The statement in the exercise, "If $$P^\ast$$ is a path for which the maximum in $$\mathcal{P}$$ is achieved, the value $$\sum_{(i,j) \in P^\ast} \tau_{ij}$$ is referred to as maximum tension between $$s$$ and $$t$$." is indeed quite confusing.
As you have pointed out, given $$i\to\pi_i$$ for all $$i\in V$$ and $$\tau_{ij}=\pi_i-\pi_j$$, we know the sum $$\sum_{(i,j) \in P} \tau_{ij} = \pi_s-\pi_t$$ does not depend on the choice of $$P \in \mathcal{P}$$.
Consider a directed graph $$G = (V, A)$$ with start vertex $$s ∈ V$$, target vertex $$t ∈ V$$ and weights $$w_{ij} \in \mathbb{R}$$ for each arc $$(i, j)\in A$$. Assume there is a path from $$s$$ to $$t$$. Then the maximum tension of $$(G, s, t, w)$$ is the optimal value of the objective function of the the following linear program. When $$G$$ and $$w$$ are understood, we also call it the maximum tension from $$s$$ to $$t$$.

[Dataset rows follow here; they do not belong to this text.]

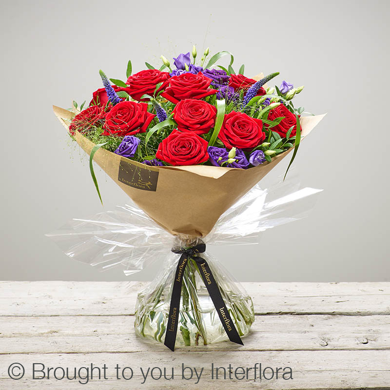 Featuring red large headed roses, purple lisianthus and purple veronica hand-tied with pistache and panicum grass, presented in Interflora Gift Packaging.
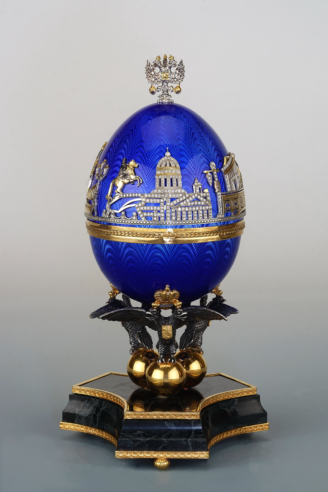 Золото, серебро, позолота, бриллианты, прозрачная эмаль по гильошированному фону, сапфиры, розы, яшма
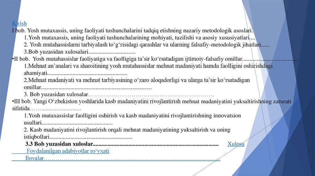 1. YOSH MUTAXASSISLAR MEHNAT MADANIYATINI YUKSALTIRISHNING IJTIMOIY-FALSAFIY OMILLARI
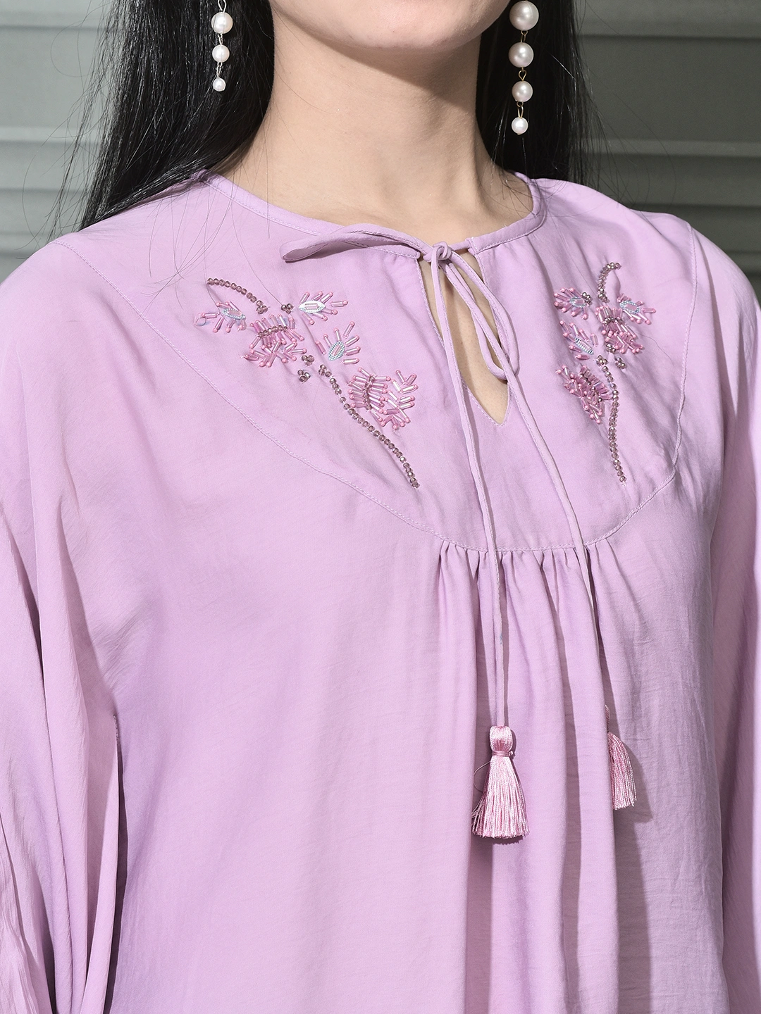 FABRIC :: Satin Poly DETAILINGS :: Embellished Handwork with tassels
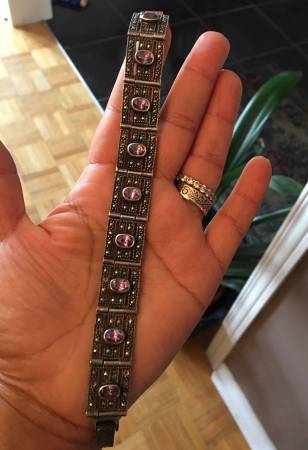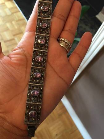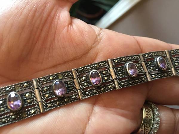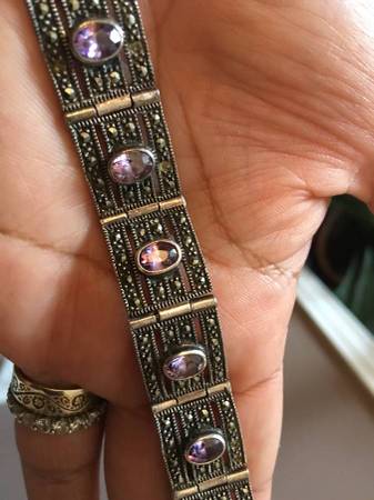 Sterling Silver Bracelet with Natural Amethyst Stones And Marcasite Design Excellent Condition and a bit of weight on it Really Beautiful with clear silver Stamp there if interested please call or...

$$\begin{array}{rl} \max&\pi_s-\pi_t\\ s.t. & \pi_i - \pi_j \le w_{ij} \text{ for all }(i,j) \in A\\ & \pi_i \in \mathbb{R} \text{ for all i \in V} \end{array}$$
The essential point here is that the assignment $$\pi_i$$ for all $$i\in V$$ are independent variables in the linear program above.